Rider of the Round is an inside look to those on formidable form during specific rounds of the MotoGP season, depicting one rider considered to be above the rest for their performance within each class: Moto3, Moto2, and MotoGP.

The first race of the weekend saw a heroic Joan Mir power through the grid as the world watched him claim the podium’s top step for the second time this season, in fact the entirety of the top three finishes faced déjà vu as Qatar’s results were only mimicked here in Argentina. While Mir proved to be strong for the majority of the weekend, the Spaniard faced a ‘blip’ in qualifying resulting in a sixteenth position start. Scotsman John McPhee climbed up the timesheet every session -with the exception of FP3 – to take Pole in qualifying. His strength on track was further demonstrated during the race as he successfully managed to stick with the front group, despite its intimidating size for the first number of laps – viewers saw the likes of Rodrigo, Suzuki and Canet making their mark early on in the race, with Migno and Oettl following suit with the lead group as Loi won the battle for sixth. Martin followed the form of McPhee, gaining positions in practice and qualifying and proving to have a strong race in the lead group, finally taking the last spot on the podium.

All three of the podium placers deserve formidable praise for their efforts, and while Mir’s performance was outstanding, it is debatable that working through the grid to take first is just as difficult as holding a top position throughout the race – it is Moto3 after all! The efforts of remaining as frontrunners by McPhee and Martin were outstanding, however the performance of the Scot on the final lap grew admirable, especially when it came down to the final corners, while attempting at a brave overtake of Mir he was able to fend off an attack by Martin from behind without being caught out by either factor; despite his failure to take the first position, another second place is a very respectable result and a smart investment for the title battle, making McPhee the Rider of the Round for Moto3.

Moto2’s race saw action all over the grid; a battle for sixth place saw rookies Bagnaia and Brad Binder brawling with the likes of Cortese and Vierge. Baldassarri managed to improve on his tenth position on the grid by swiftly riding in fifth for numerous of the final laps to then go on to take fourth overall. Oliveira made his, and KTM’s, first mark on the podium after a strong start from pole position and consistent lap times throughout the race.

However the real nail-biting battle was that of front-runners Morbidelli and Alex Marquez, the latter constantly gaining ground on the ever-consistent race leader throughout the race in a game of cat and mouse and was able to conserve tyres well, keeping considerably smoother lines on track to that of Morbidelli in the final stages and had the potential of taking his first ever Moto2 win before his untimely highside at turn seven on the final lap, resulting in the younger Marquez brother finishing in twenty-first place.

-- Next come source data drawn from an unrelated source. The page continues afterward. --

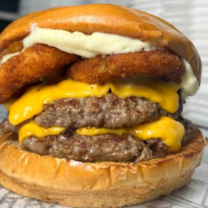 Pão brioche , 2 blend de 90gr , queijo cheddar fatiado , onion rings , barbecue , molho ( maionese caseira )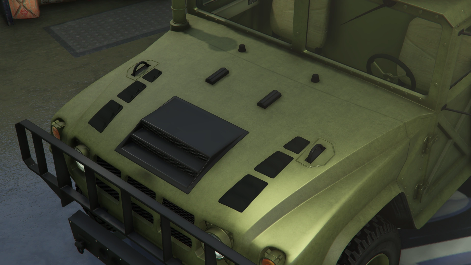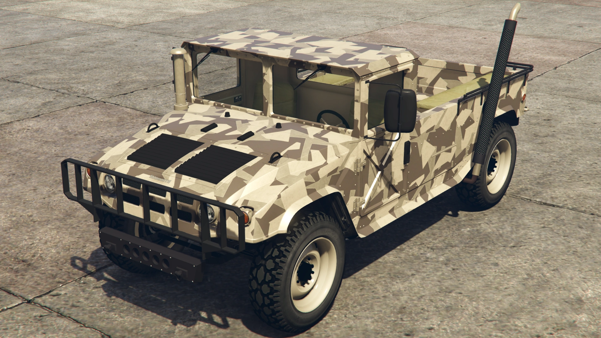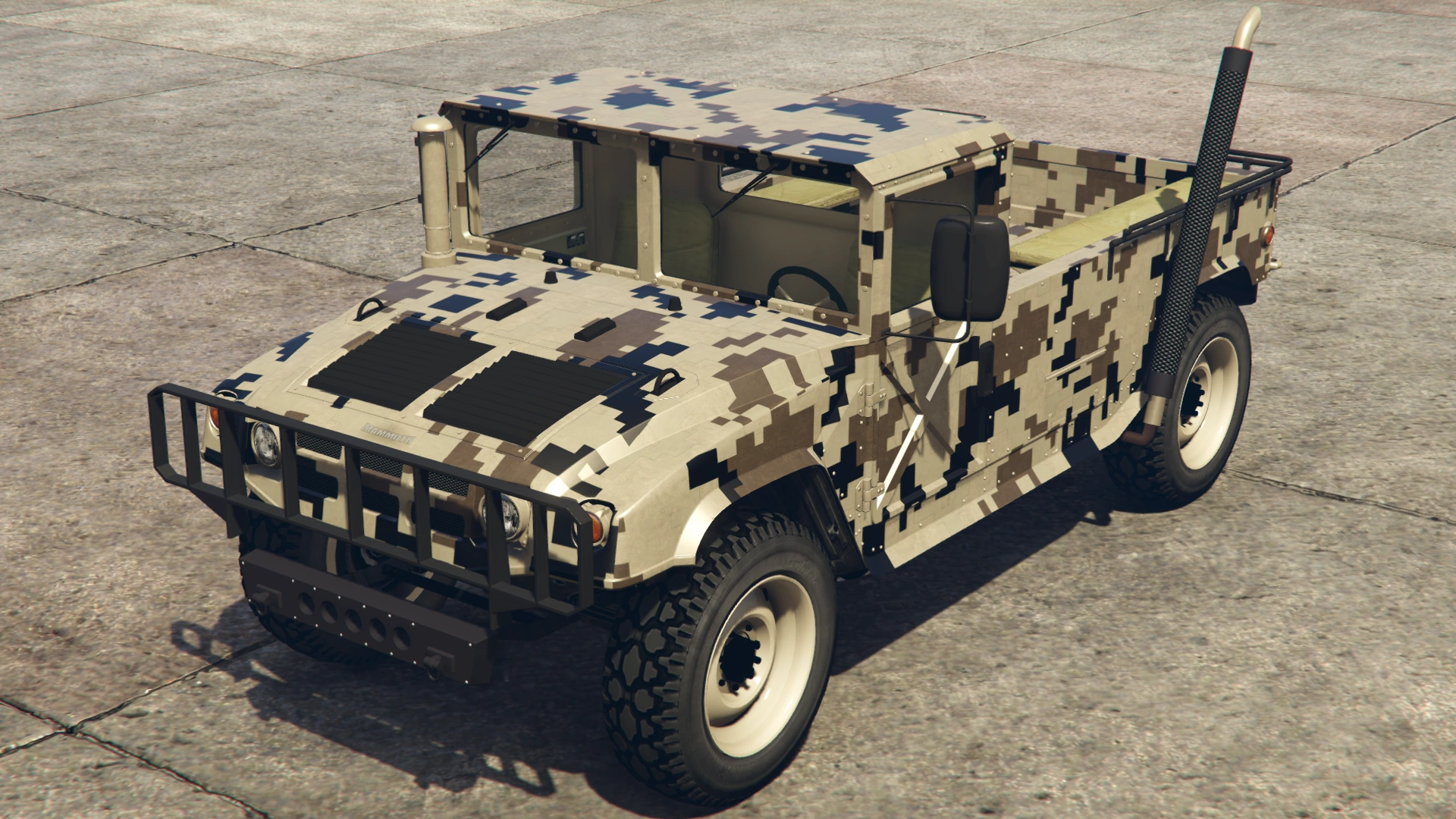 The Squaddie makes a return to Grand Theft Auto Online with the same layout as the beta model. However, its general design leans more towards the HMMWV/M1097 than the Hummer H2 (more similar to 3D Universe iterations of the Patriot), though still retaining the core body profile and dimensions of GTA V's Patriot, which is based on a H2.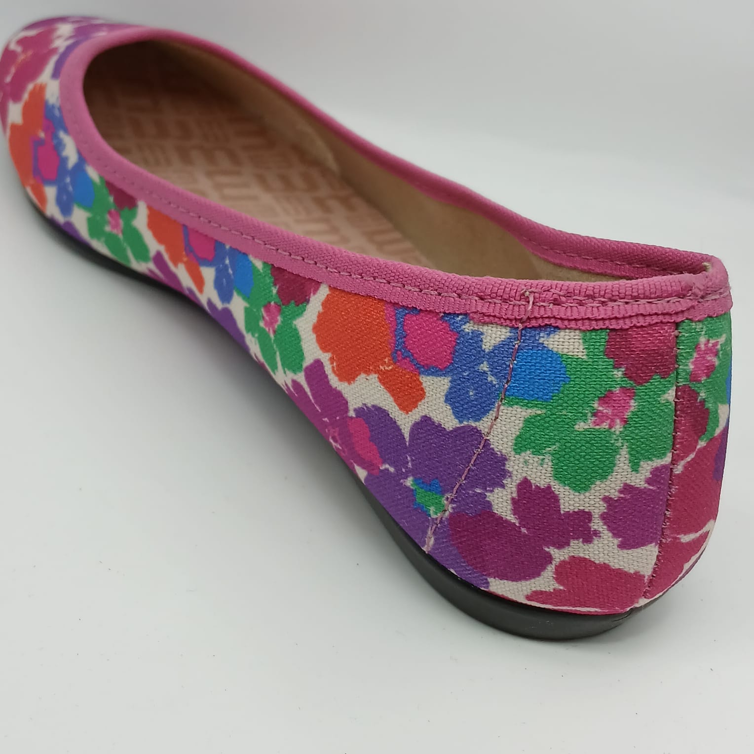 * *Detalhe:* Acabamento em *debrum (borda) rosa pink*, que contorna a sapatilha e complementa a estampa.

While the efforts of Marquez were admirable, it is the persistence of Morbidelli over the weekend that has caught the eye of many; while losing out on pole position during qualifying, Franco quickly took the lead in the first lap and dominated the race from there, even the threat of Marquez didn’t hinder his performance as the Italian snapped back at the overtake with ease, and the last lap highside of his teammate only guaranteed his second win of the season and his place as this week’s Moto2 Rider of the Round.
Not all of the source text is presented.